In this file we will show examples of the main functionalities included in the EMIP Toolkit.

This includes:  
•	Reading Raw Data Files from EMIP Dataset into Toolkit Containers.  
•	Applying a Fixation Filter to Raw Data.  
•	Raw Data and Filtered Fixation Visualization.  
•	Apply Fixation Correction Through Offset.  
•	Undo Applied Offset.  
•	Generate AOIs for any EMIP Trial.  
•	Draw AOIs over Trial Image.  
•	Add Text Tokens to Generated AOIs.  
•	Add srcML Tags to AOIs and Tokens.  
•	Hit Test Between Fixations and AOIs.
 

In [4]:
import emip_toolkit as tk
%load_ext autoreload
%autoreload 2

The autoreload extension is already loaded. To reload it, use:
  %reload_ext autoreload
The history saving thread hit an unexpected error (OperationalError('database or disk is full')).History will not be written to the database.


# Reading Raw Data Files from EMIP Dataset:  

1. Download the EMIP dataset using the download method 
2. The dataset should be in a folder called EMIPData in the parent directry to the directory where this tutorial is.  
3. The folder structure should look like the following:  
  
-parent_dir
    + EMIPData
        + EMIP-Toolkit- replication package
            + emip_dataset  
                    + rawdata
                    + EMIP_DataCollection_Materials
            + current_directory  
                    + EMIP_Toolkit_Examples


In [5]:
data_path = tk.download('EMIP')

# gets the structured data of 10 subjects
EMIP = tk.EMIP_dataset(data_path + '/EMIP-Toolkit- replication package/emip_dataset/rawdata/', 10)   

print('number of subjects: ', len(EMIP))
print('subject ID: ', EMIP['100'].trial[0].get_subject_id())
print('number of trials: ', EMIP['100'].get_number_of_trials())
print('number of samples in trial: ',EMIP['100'].trial[0].get_sample_number())

Please cite this paper:  https://dl.acm.org/doi/abs/10.1145/3448018.3457425
parsing file: ./datasets/EMIP/EMIP-Toolkit- replication package/emip_dataset/rawdata/100_rawdata.tsv
parsing file: ./datasets/EMIP/EMIP-Toolkit- replication package/emip_dataset/rawdata/101_rawdata.tsv
parsing file: ./datasets/EMIP/EMIP-Toolkit- replication package/emip_dataset/rawdata/102_rawdata.tsv
parsing file: ./datasets/EMIP/EMIP-Toolkit- replication package/emip_dataset/rawdata/103_rawdata.tsv
parsing file: ./datasets/EMIP/EMIP-Toolkit- replication package/emip_dataset/rawdata/104_rawdata.tsv
parsing file: ./datasets/EMIP/EMIP-Toolkit- replication package/emip_dataset/rawdata/105_rawdata.tsv
parsing file: ./datasets/EMIP/EMIP-Toolkit- replication package/emip_dataset/rawdata/106_rawdata.tsv
parsing file: ./datasets/EMIP/EMIP-Toolkit- replication package/emip_dataset/rawdata/107_rawdata.tsv
parsing file: ./datasets/EMIP/EMIP-Toolkit- replication package/emip_dataset/rawdata/108_rawdata.tsv
parsing file: .

In [6]:
# If already downloaded
data_path = './datasets/EMIP/'
EMIP = tk.EMIP_dataset(data_path + '/EMIP-Toolkit- replication package/emip_dataset/rawdata/', 10)  

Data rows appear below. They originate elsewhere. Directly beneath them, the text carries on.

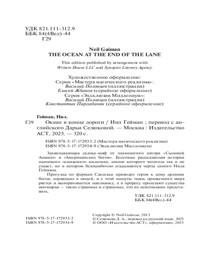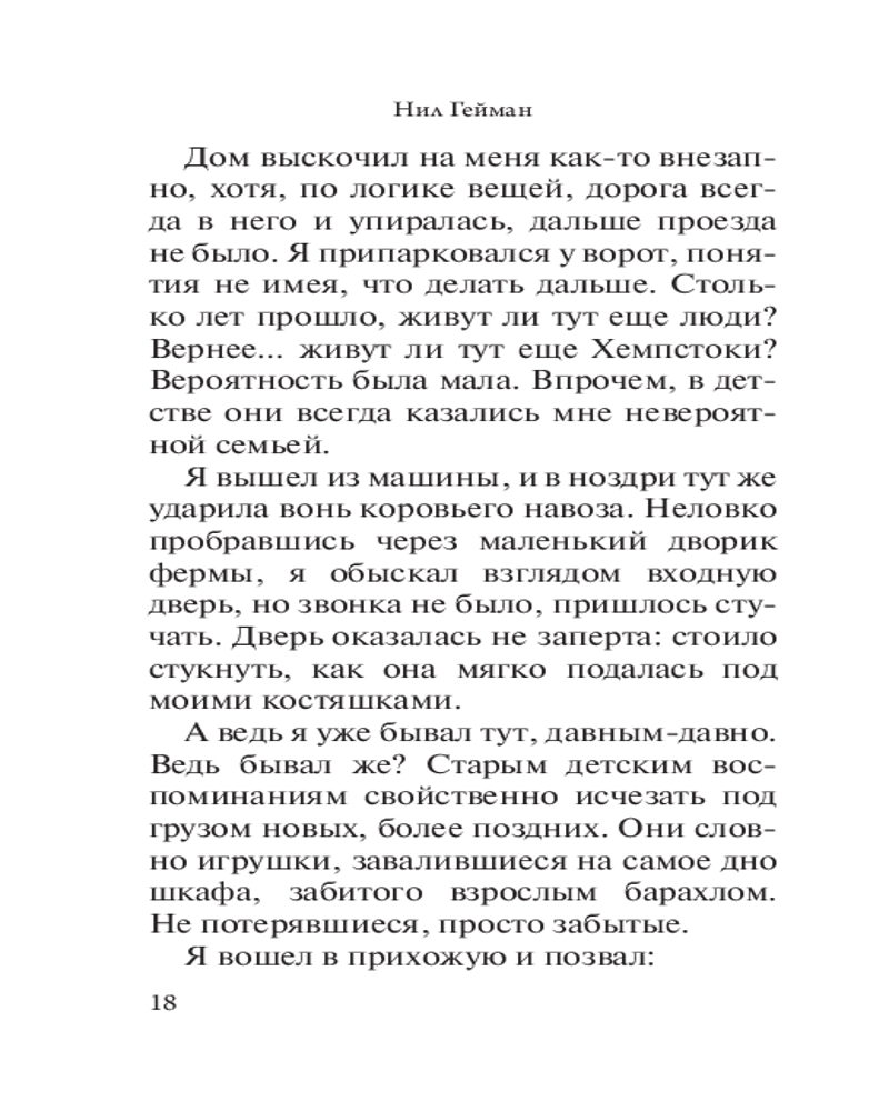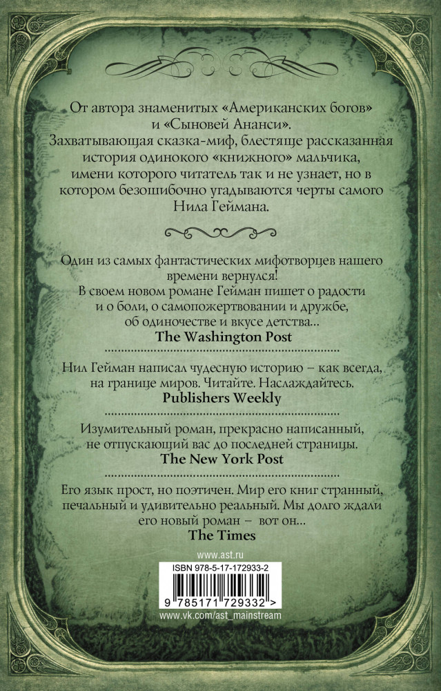 Серия: Мастера магического реализма (покет) Захватывающая сказка-миф от знаменитого автора «Сыновей Ананси» и «Американских богов». Блестяще рассказанная история одинокого «книжного» мальчика, имени которого читатель так и не узнает, но в котором безошибочно угадываются черты самого Нила Геймана. Прогулка по фермам Сассекса приводит героя к дому древних богов, играющих в людей, и с этой минуты ткань привычного мира рвется и выворачивается наизнанку, а в прореху пролезают существа иномирья — такие странные и страшные, что их невозможно представить. |
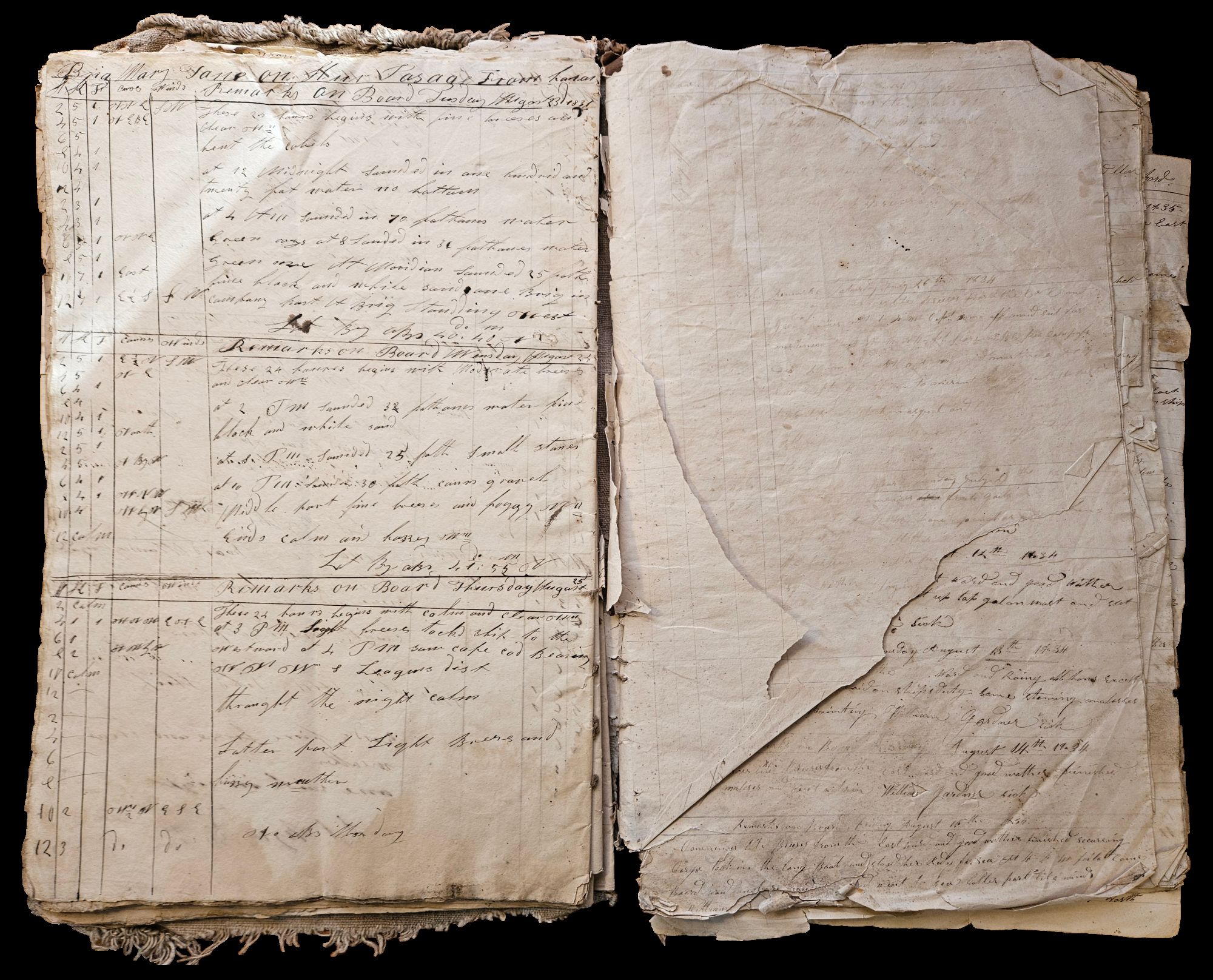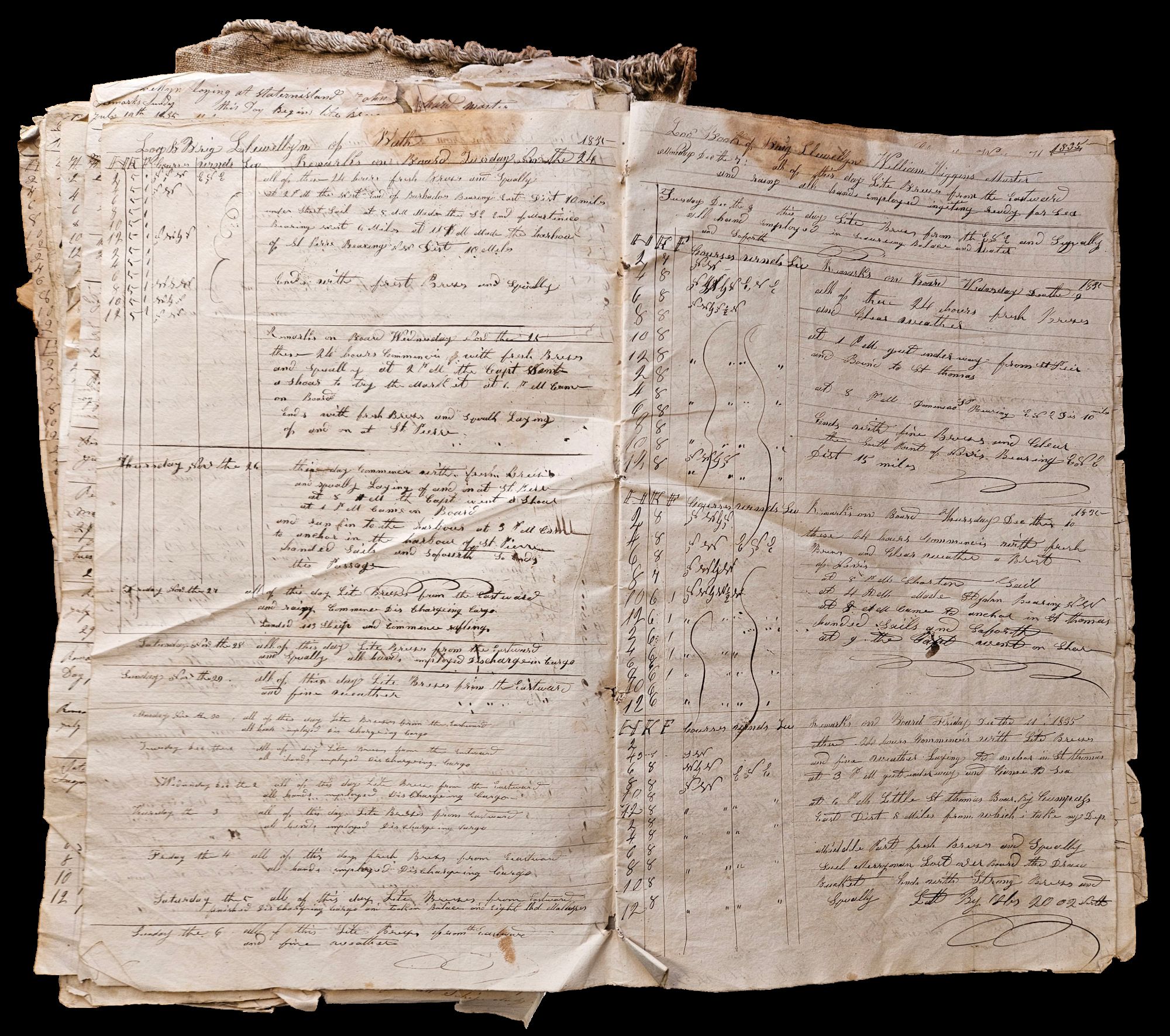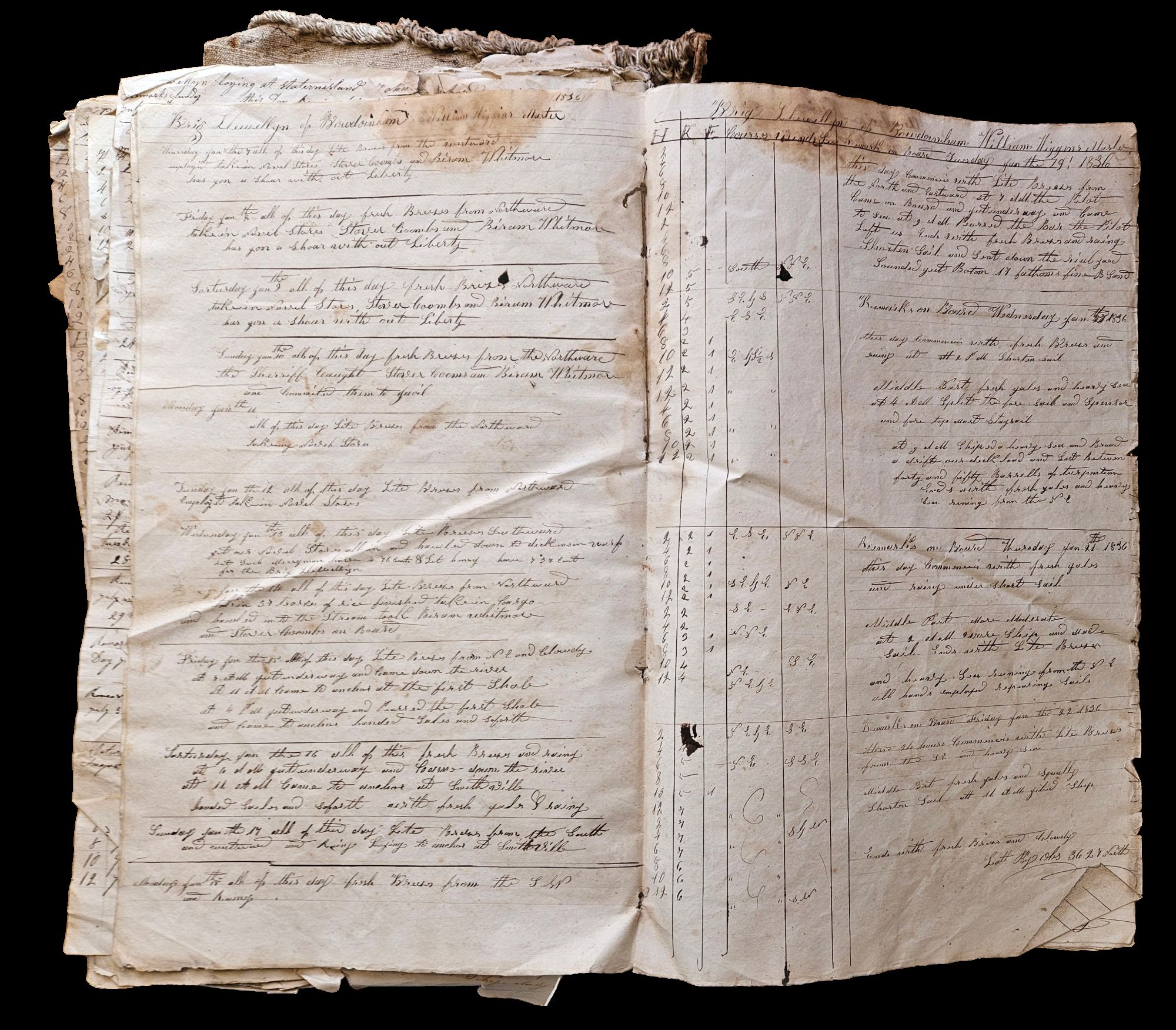 United States and Caribbean, 1898. Approximately twenty-nine pieces: logbook of eighty-four double-sided pages measuring 13 x 20 inches; eight letters, seventeen documents and forms, and three pieces of miscellany. Much wear and significant damage to logbook, including water damage, mildew, and tearing; log book overall fair to good minus. Other materials good to very good. Overall good.. William Higgins (1791–1872) was a farmer, sea captain, and owner of and investor in ships, from Bowdoinham Maine. According to the Maine Maritime Museum, which holds his family papers, Higgins’ ships traded mainly in lumber, which they took from Wilmington, North Carolina to the Caribbean.
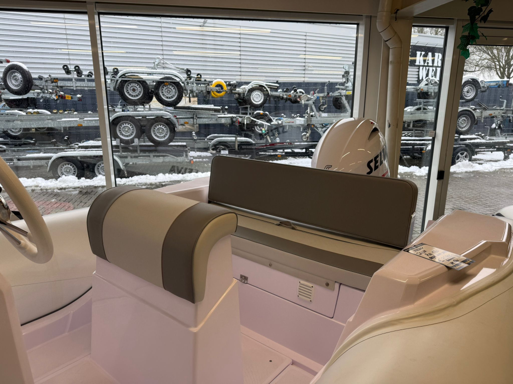 Die neue Version der D.570 wurde in ihrer Decksaufteilung völlig neu konzipiert und hat es ermöglicht, die für ihre Abmessungen von weniger als 6 Metern typische Manövrierbarkeit und Handlichkeit mit der Großzügigkeit und Sorgfalt ihrer Innenräume und ihrer Ausstattung zu kombinieren, Merkmale wie bei Booten mit viel größeren Abmessungen. Die völlig neu gestaltete Mittelkonsole umfasst nun einen Sitz im Bug, wobei der praktische zentrale Multifunktionsfahrersitz beibehalten wurde. Die bequeme Rückbank, das große Sonnendeck am Bug, die verschiedenen und geräumigen Stauräume in Kombination mit der großzügigen Fiberglasstruktur sorgen für eine komfortable und sichere Navigation.
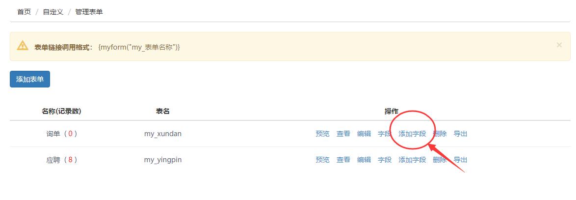提交后,生成一個新表單,但表單內容為空,如何向表單添加字段可參考如圖:

parsing file: ./datasets/EMIP//EMIP-Toolkit- replication package/emip_dataset/rawdata/100_rawdata.tsv
parsing file: ./datasets/EMIP//EMIP-Toolkit- replication package/emip_dataset/rawdata/101_rawdata.tsv
parsing file: ./datasets/EMIP//EMIP-Toolkit- replication package/emip_dataset/rawdata/102_rawdata.tsv
parsing file: ./datasets/EMIP//EMIP-Toolkit- replication package/emip_dataset/rawdata/103_rawdata.tsv
parsing file: ./datasets/EMIP//EMIP-Toolkit- replication package/emip_dataset/rawdata/104_rawdata.tsv
parsing file: ./datasets/EMIP//EMIP-Toolkit- replication package/emip_dataset/rawdata/105_rawdata.tsv
parsing file: ./datasets/EMIP//EMIP-Toolkit- replication package/emip_dataset/rawdata/106_rawdata.tsv
parsing file: ./datasets/EMIP//EMIP-Toolkit- replication package/emip_dataset/rawdata/107_rawdata.tsv
parsing file: ./datasets/EMIP//EMIP-Toolkit- replication package/emip_dataset/rawdata/108_rawdata.tsv
parsing file: ./datasets/EMIP//EMIP-Toolkit- replication package/emip_dataset/rawd

# Applying a Fixation Filter to Raw Data:

EMIP Toolkit implements a dispersion-based fixation detection algorithm (I-DT). The technique uses a duration window over the gaze data with a length equal to the minimum fixation duration threshold. In addition to this time window, samples are added until sample spacial dispersion exceeds the maximum dispersion threshold. 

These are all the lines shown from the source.